_DESCRIPTION OF THE TASK_.
Return each record unchanged and drop the images.

_TASK INPUT_.
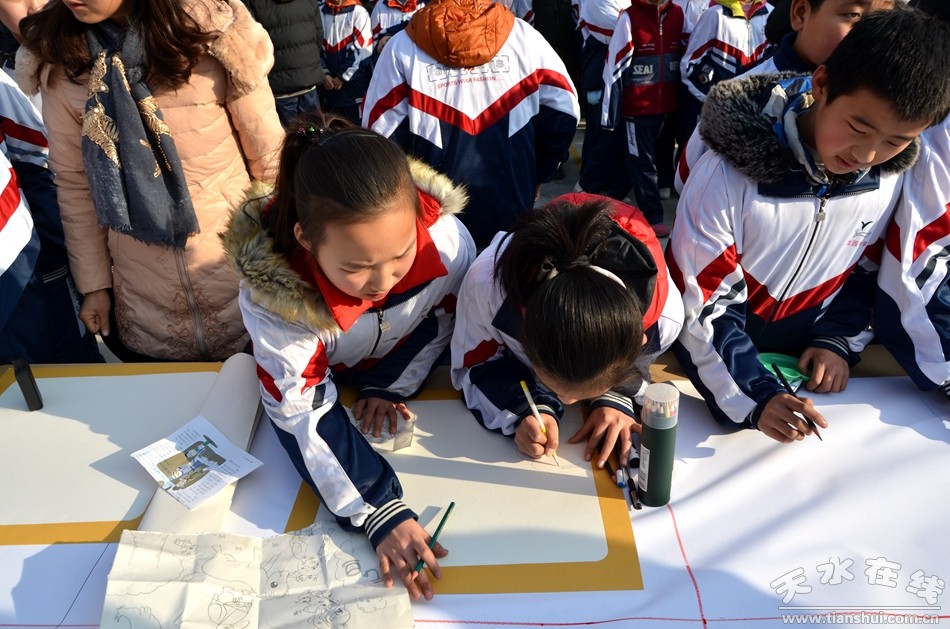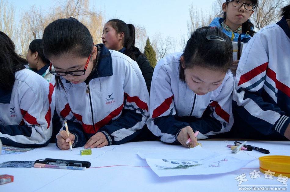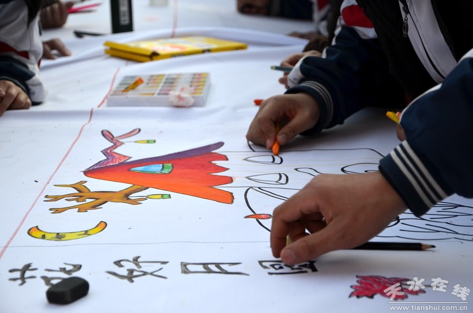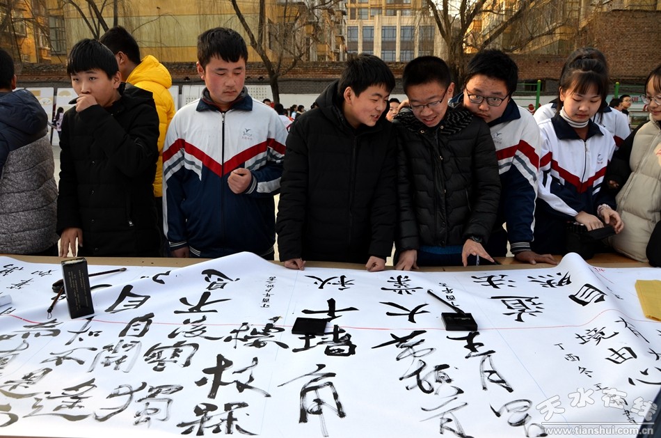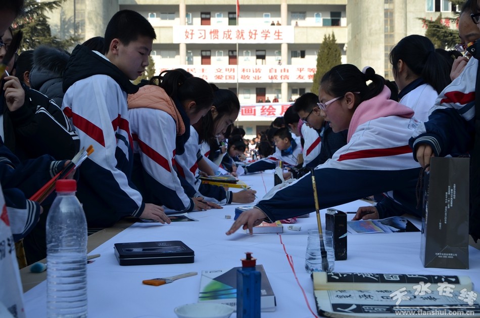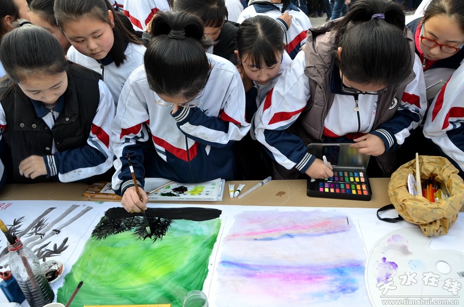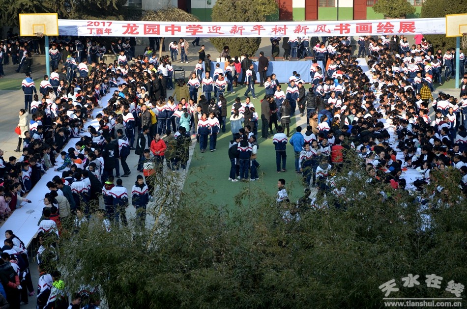 12月27日,天水市麦积区龙园中学300余名师生现场作画,书法、国画、水粉、素描等形色各异的艺术创作,铺满了200米长的画卷。
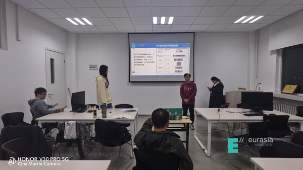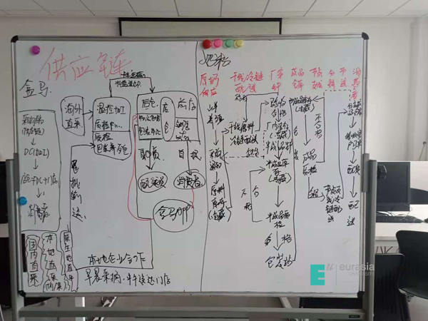全国大赛团体赛决赛前夕,队员们一方面持续修改论文,一方面准备答辩PPT,为了拿出最好的作品,队员们精益求精,在老师的指导下,前前后后共修改8个版本之多,经过多轮讨论修改,最后敲定最终版,最终在11月18日上交至组委会。随后每个队员分配任务,反复串稿,为了使语言凝练简洁、专业精准,大家一遍一遍的彩排,一遍又一遍的修改,直至比赛的前一晚还在教室排练到晚上凌晨12点,只为不出差错达到最好效果,多次的努力练习,换来的是正式比赛流利顺畅,PPT讲解过程十分顺利,专家评委也不时点头赞许,论文答辩环节队员们也表现出色,方案作品更是获得了评委们一致好评,认为我校学子所提解决方案对当今新冠疫情背景下的食品供应链管理问题有一定的借鉴意义和应用价值,经过一天的激烈比拼,最终我们欧亚代表队捧得团体赛最高金奖!
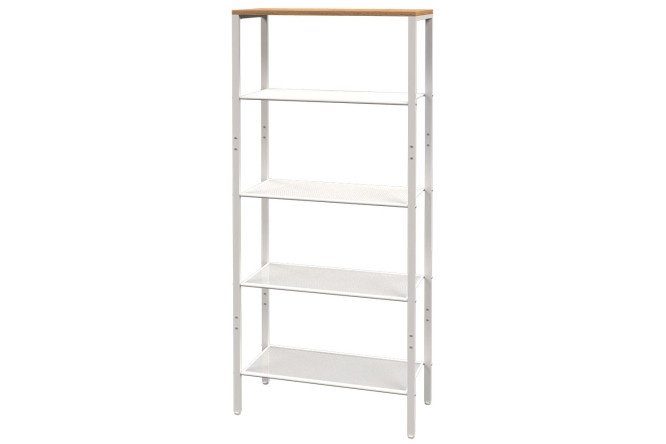 The Toronto bookcase is made of plain metal, and the top shelf, decorated with a wood-like finish with a pronounced texture, gives it an original look and expands the possibilities of using the product in interiors of different styles.
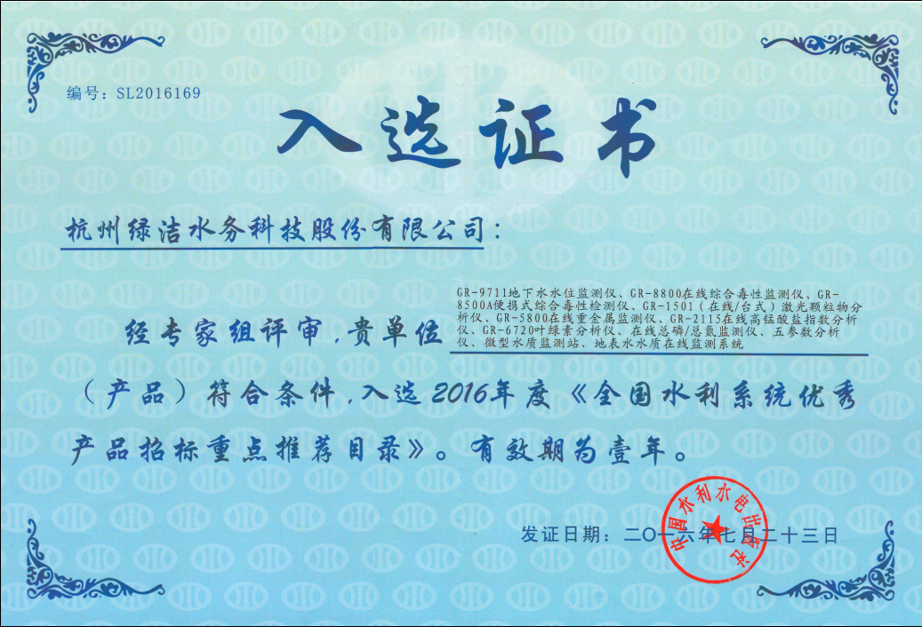7月,綠潔科技產品再度成功入選《全國水利系統優秀產品招標重點推薦目錄》?!度珖到y優秀產品招標重點推薦目錄》每年組織一次優秀產品的征集和評選,為各級水利管理機構提供選購真實、可靠的水利產品。
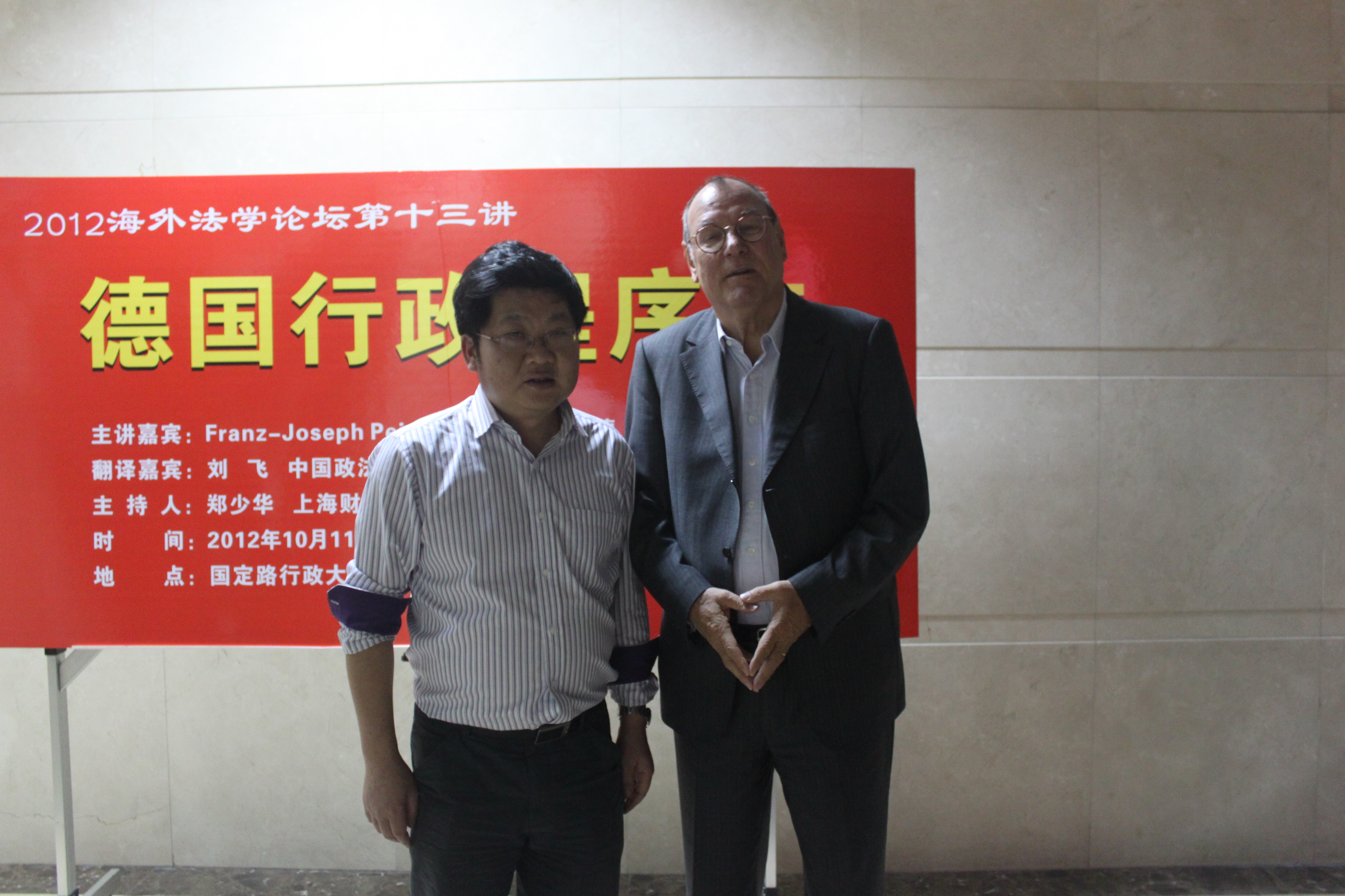 10月11日晚,2012海外法学论坛第十三讲在校行政楼一楼梯教成功举行。法兰克福(奥德)大学法学院Franz-Joseph Peine教授作了题为“德国行政程序法”的专题讲座。本次讲座由中国政法大学法学院刘飞教授担任翻译嘉宾,郑少华院长主持。

_YOUR RESPONSE_.
 12月27日,天水市麦积区龙园中学300余名师生现场作画,书法、国画、水粉、素描等形色各异的艺术创作,铺满了200米长的画卷。
全国大赛团体赛决赛前夕,队员们一方面持续修改论文,一方面准备答辩PPT,为了拿出最好的作品,队员们精益求精,在老师的指导下,前前后后共修改8个版本之多,经过多轮讨论修改,最后敲定最终版,最终在11月18日上交至组委会。随后每个队员分配任务,反复串稿,为了使语言凝练简洁、专业精准,大家一遍一遍的彩排,一遍又一遍的修改,直至比赛的前一晚还在教室排练到晚上凌晨12点,只为不出差错达到最好效果,多次的努力练习,换来的是正式比赛流利顺畅,PPT讲解过程十分顺利,专家评委也不时点头赞许,论文答辩环节队员们也表现出色,方案作品更是获得了评委们一致好评,认为我校学子所提解决方案对当今新冠疫情背景下的食品供应链管理问题有一定的借鉴意义和应用价值,经过一天的激烈比拼,最终我们欧亚代表队捧得团体赛最高金奖!
 The Toronto bookcase is made of plain metal, and the top shelf, decorated with a wood-like finish with a pronounced texture, gives it an original look and expands the possibilities of using the product in interiors of different styles.
7月,綠潔科技產品再度成功入選《全國水利系統優秀產品招標重點推薦目錄》?!度珖到y優秀產品招標重點推薦目錄》每年組織一次優秀產品的征集和評選,為各級水利管理機構提供選購真實、可靠的水利產品。
 10月11日晚,2012海外法学论坛第十三讲在校行政楼一楼梯教成功举行。法兰克福(奥德)大学法学院Franz-Joseph Peine教授作了题为“德国行政程序法”的专题讲座。本次讲座由中国政法大学法学院刘飞教授担任翻译嘉宾,郑少华院长主持。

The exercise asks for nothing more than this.